One caregiver’s journey to find a new purpose after losing her husband to Alzheimer’s disease.

With one last breath, my life changed. I had been a 24/7 caregiver to my husband of over 48 years, and in a moment, I became a person without a cause. While my days had been consumed, leaving no time for myself, suddenly there was no responsibility or accountability to anyone or anything. A gradual beginning, an abrupt end. What does one do with the freedom that comes from losing one’s purpose?

The aftermath

He passed November 17 from complications due to Alzheimer’s disease; the last three weeks moved like a train wreck. It happened so quickly I was left trying to wrap my mind around it. The holidays were a blur. I felt so alone and misunderstood. After several months, my mind still spiraled — no longer a caregiver, no longer a wife.

A year earlier, I tearfully shared with my Alzheimer’s caregiver support group: I’d lost me. Would I ever find the real me again? I wasn’t sure who I was, where I was or if I’d reclaim my past life. The years of caregiving with Alzheimer’s were like an out-of-body experience and upon my husband’s death, I was jolted back to reality. Caregiving consumes your identity. Unconditionally putting another first, I had become programmed. Being able to put myself first was strange. It was difficult to accept that I had my “me time” back.

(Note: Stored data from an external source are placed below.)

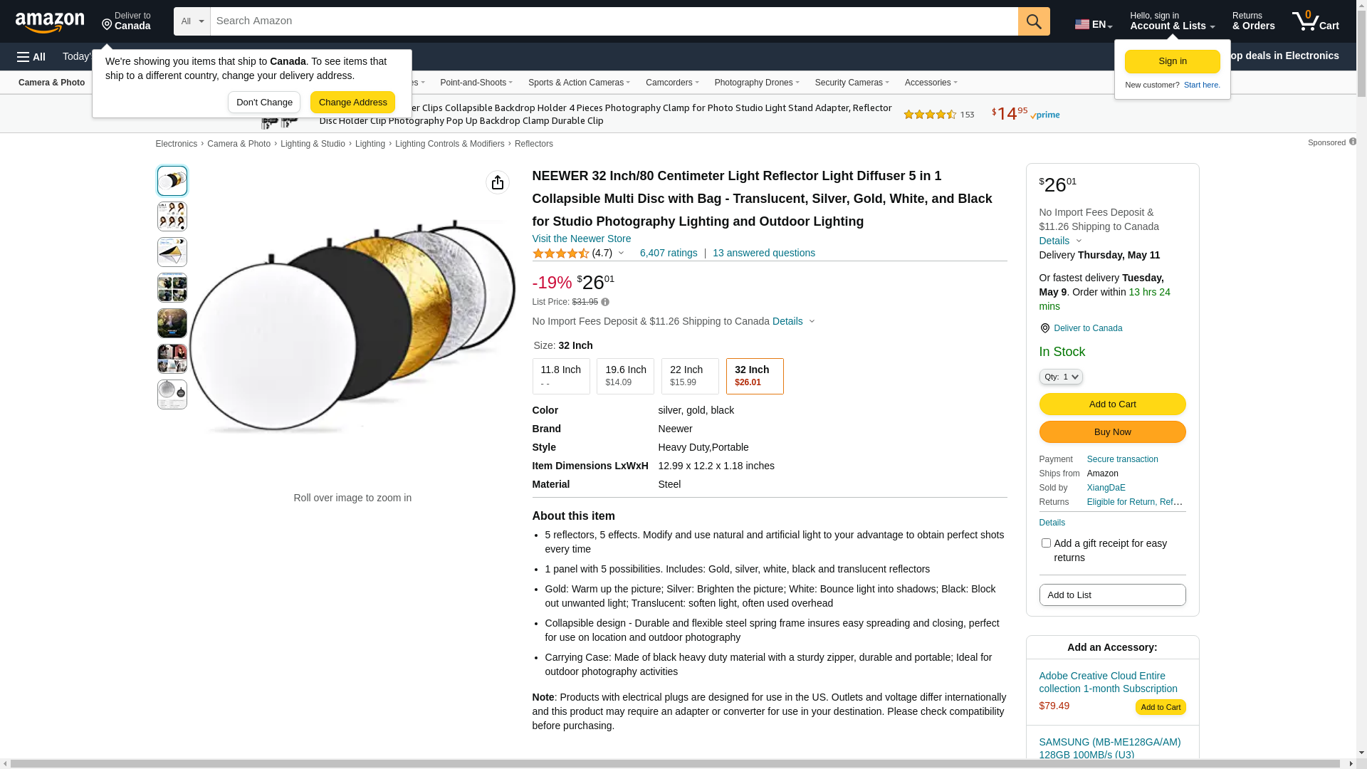 <p><b>Description:</b> <p>These reflectors can fit any standard reflector holders <p>The translucent reflector acts as a diffuser between the light source and the subject, which can soften light <p>The silver reflector is used to enhance the light in low light situations <p>The gold reflector is perfect for creating warm outdoor sunset scenes <p>The white reflector develops a soft, clean light and it also helps to decompress the flash <p>The black reflector makes a shadow and is perfect for creating a certain dark and mysterious mood <p>Durable and flexible steel spring frame insures easy spreading and closing <p>Carrying case is made of black heavy duty material with a sturdy zipper, which is durable and portable and suitable for outdoor photography activities <p><b>Specification:</b> <p><b>Weight: 16.65 ounces / 472 grams <p>Size : 32'' / 80cm <p><b>Package Contents:</b> <p>1 x 5-in-1 32'' Reflector <p>1 x Carrying Case
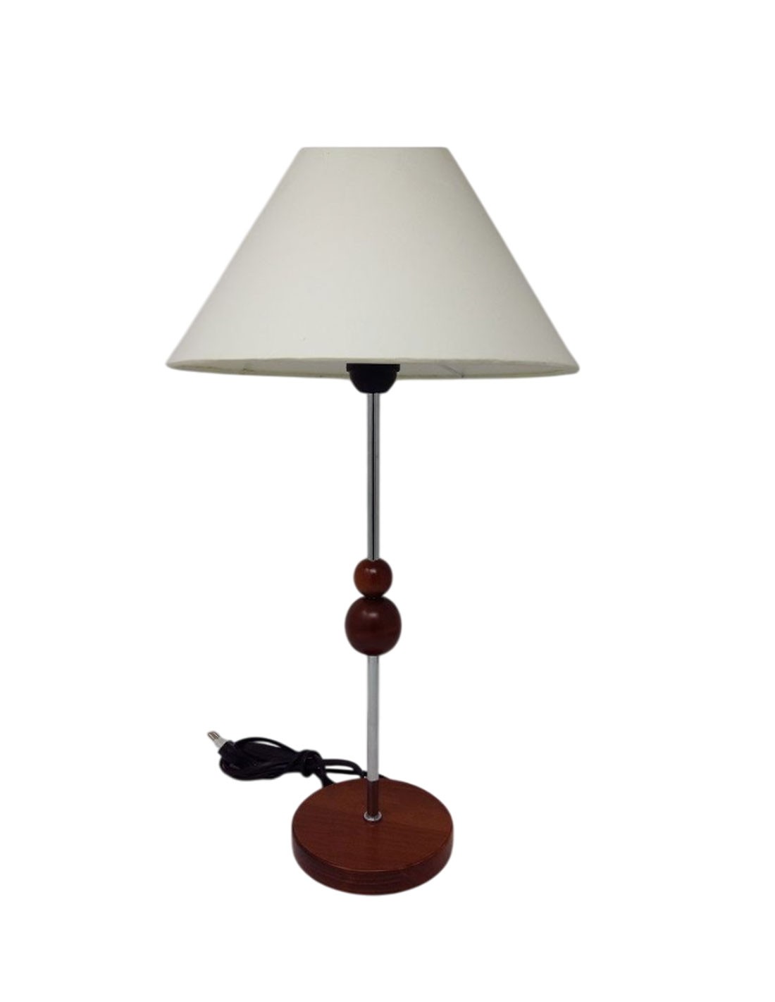 Lámpara de Sobremesa de metal con detalle bolas y base madera nogal de 1 luz y pantalla de tela.1*E14, admite luz led.Disponible acabado nogal y miel.
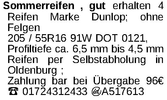 Erscheinungsdatum: Anzeige vom 14.4.2026 in der Rubrik "Reifen"
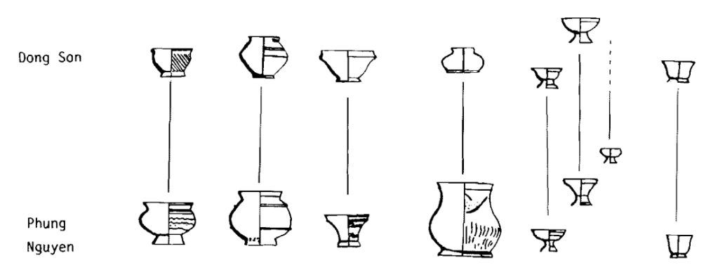 Các loại hình đồ gốm kế thừa trực tiếp kể từ thời văn hóa Phùng Nguyên tới văn hóa Đông Sơn. [4]
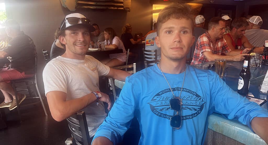 Like the other 178 Sunsation owners who registered for the third annual Sun Run, 23-year-old Mitchell Lupcke (above right) of Bay City, Mich., pretty much worships the brand. Lupcke purchased his 2000-model-year Sunsation 25 Aggressor powered by a 310-hp MerCruiser 7.4-liter engine three years ago. He looked for “a year or two” before he found the Sunsation he wanted.
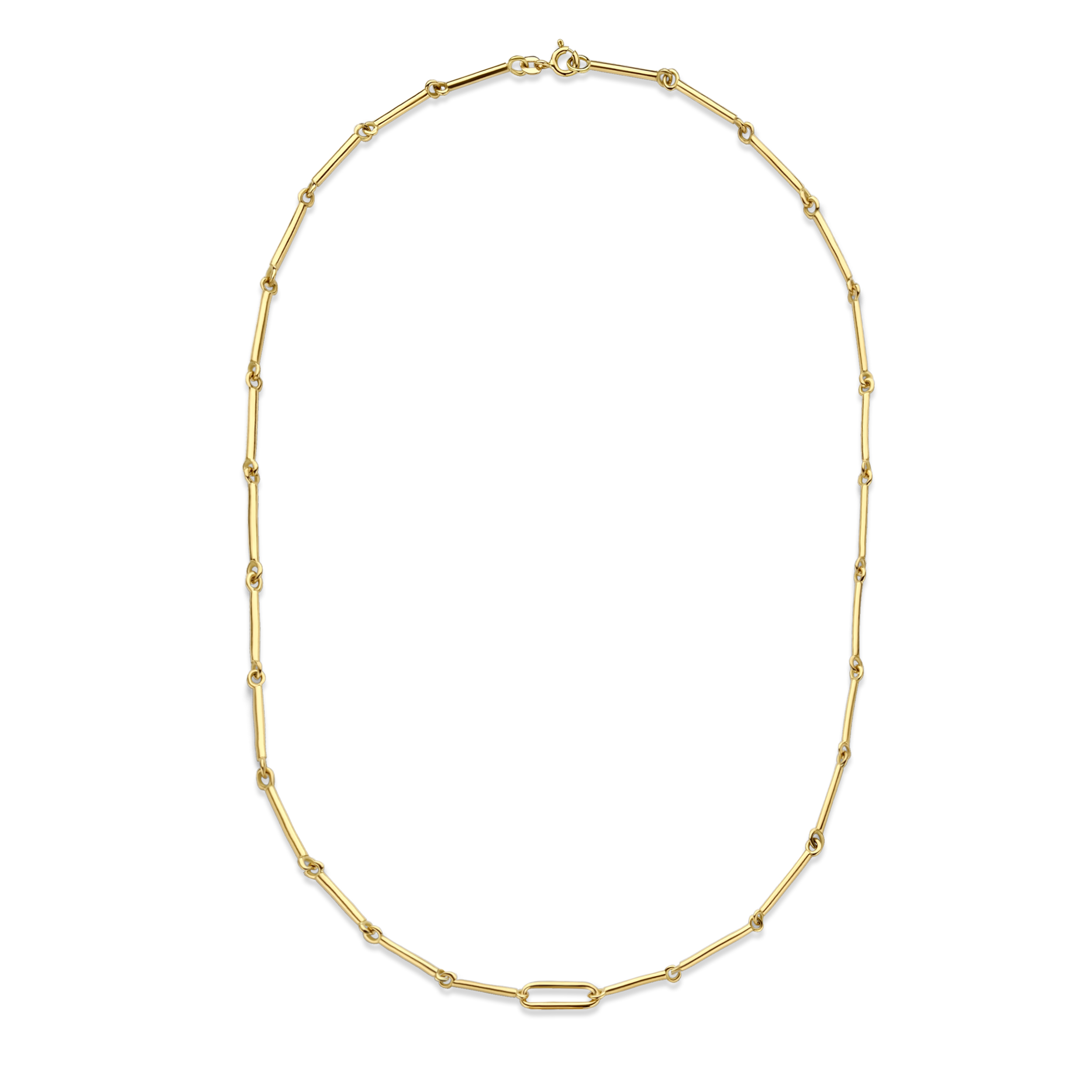Deze ketting van 14 karaats goud heeft een unieke, fijne structuur die doet denken aan bamboe, subtiel maar met nét dat beetje extra. Draag hem los voor een minimalistische look of voeg een bedel toe die bij jou past, van initialen tot symbolen vol betekenis. Prachtig op zichzelf, maar ook ideaal als basis voor jouw persoonlijke combinatie.
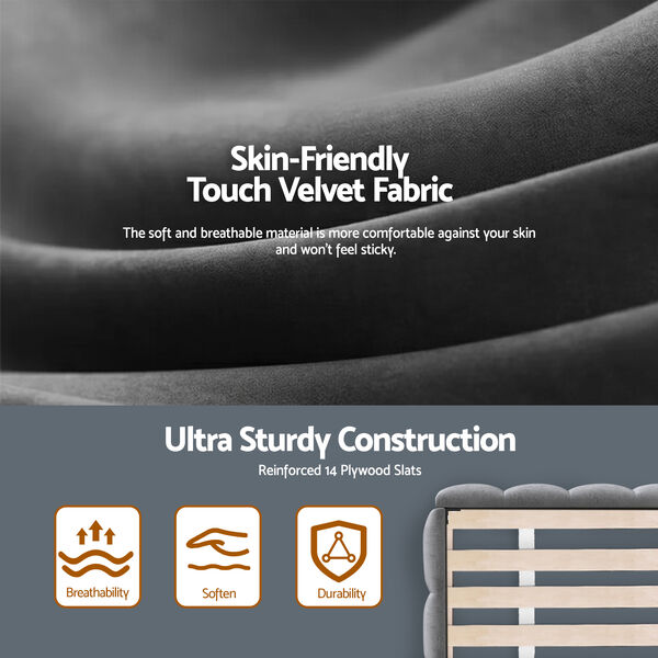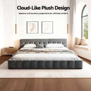 The King Bed Frame combines elegance and function with its cloud-inspired plush velvet headboard and modern platform base. Featuring a reinforced plywood-pine frame with 14 support slats and durable metal fixings, it holds 300kg and fits king mattresses (183x203cm). The smooth-edge velvet upholstery adds luxury while ensuring safety. Quick assembly completes this bedroom upgrade.
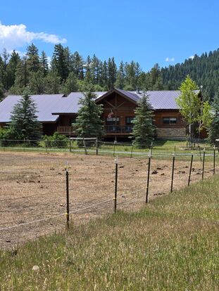 Welcome to this ranch style home centrally constructed on 5 lush acres landscaped with well placed blue spruce and aspen. Beautiful north range mountain views from the living room and covered front porch with an amazing back yard that is very close to national forest. The total foot print is 3,107 sf with front/back covered porches and attached 3 car garage. It is a 3 bedroom, 2.75 bath. The floor plan has very spacious feel as the living room has exposed vaulted timber with tongue & groove knotty, (western) yellow pine. It's large windows convey tremendous natural light bringing the outdoors in. The kitchen is simple by design and very functional with beautiful French doors leading to the den/tv room. The shop is separate from the home and is excellent for wood working, mechanics or just storing the recreational toys. It's approximately 1,168 sf. The pole barn is approximately 2,000 sf and is excellent for heavy equipment and dry storage.
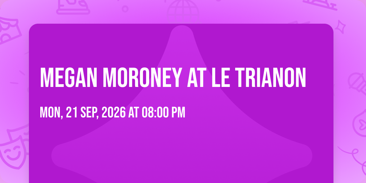 🎉 Welcome to Megan Moroney at Le Trianon, where dreams come alive and possibilities are endless! 🏛️ Join us at Le Trianon in the heart of Paris, IL for an event that defies expectations. 📅 On September 21st, 2026 at 08:00 PM, be part of something truly extraordinary as we bring together innovation, entertainment, and pure magic. ✨ Every aspect has been carefully designed to ensure an unforgettable experience for all our guests. Whether you're seeking adventure, inspiration, or simply a break from the ordinary, this event promises to deliver beyond your wildest dreams. 🎊 Prepare for a journey into the extraordinary!
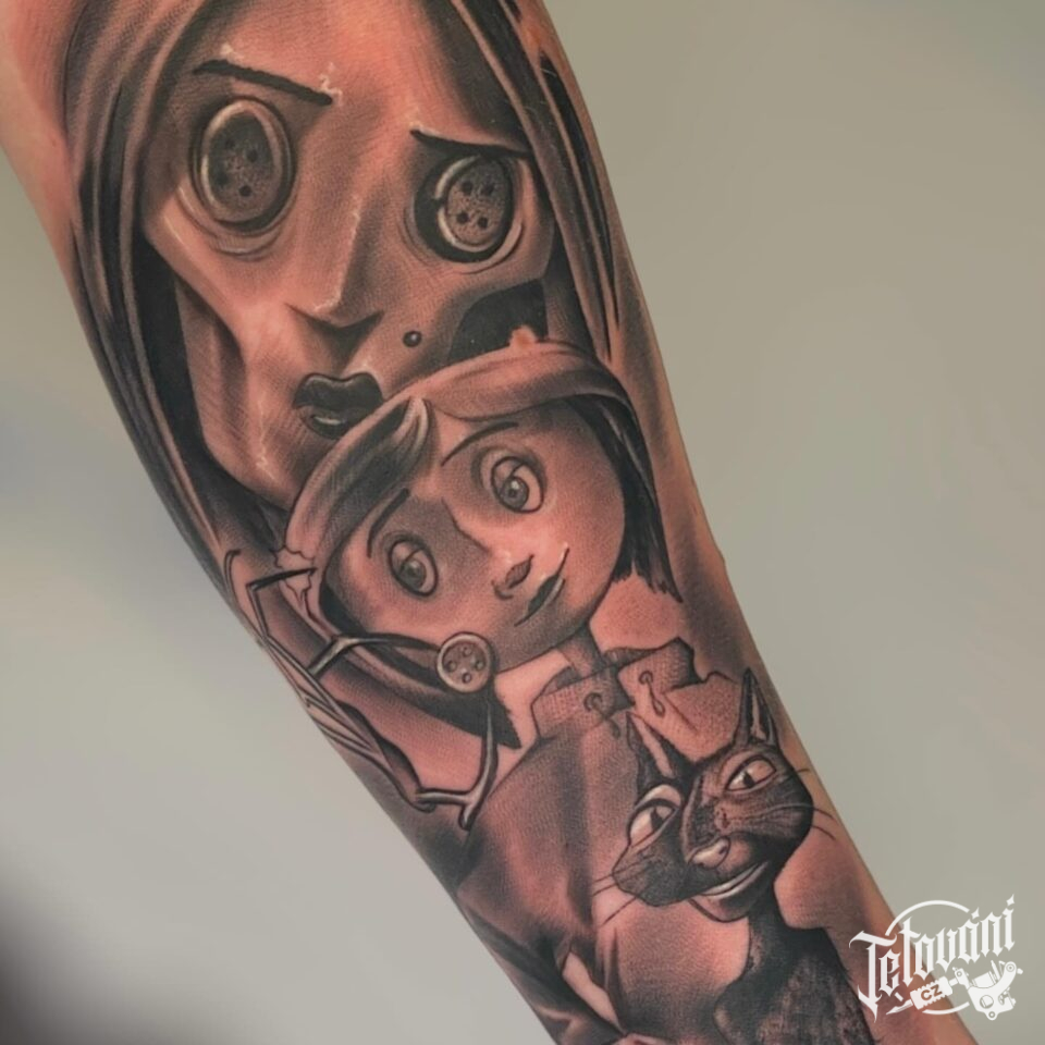 Tetování z filmů a pohádek Koralína, postavičky na předloktí

A dear friend asked me to spend a week during the Easter holiday at her lake house without any distractions or drama. It was a wonderful gift. Beautiful sunrises and sunsets, birds singing, naps on the veranda, boat rides, awesome food, laughter and conversations. I breathed in the fresh springtime air, emptied my mind and felt renewed, knowing there was a purpose yet unknown to me. My future was a blank canvas, a time to redefine and reorient my life. It’s up to each of us to decide what we do with this newfound freedom

A new identity

My husband would cry out so often, “Why me?” He hoped that there would be a cure

to the devastating disease that took over his brain, his body, our life. After his passing, I too questioned, “Why us?” What could I do with all the knowledge I had as caregiver to someone with Alzheimer’s? Often I wanted only to squeeze my eyes shut and pretend that journey hadn’t happened. Yet, it didn’t take long for my purpose to unfold after my lake retreat.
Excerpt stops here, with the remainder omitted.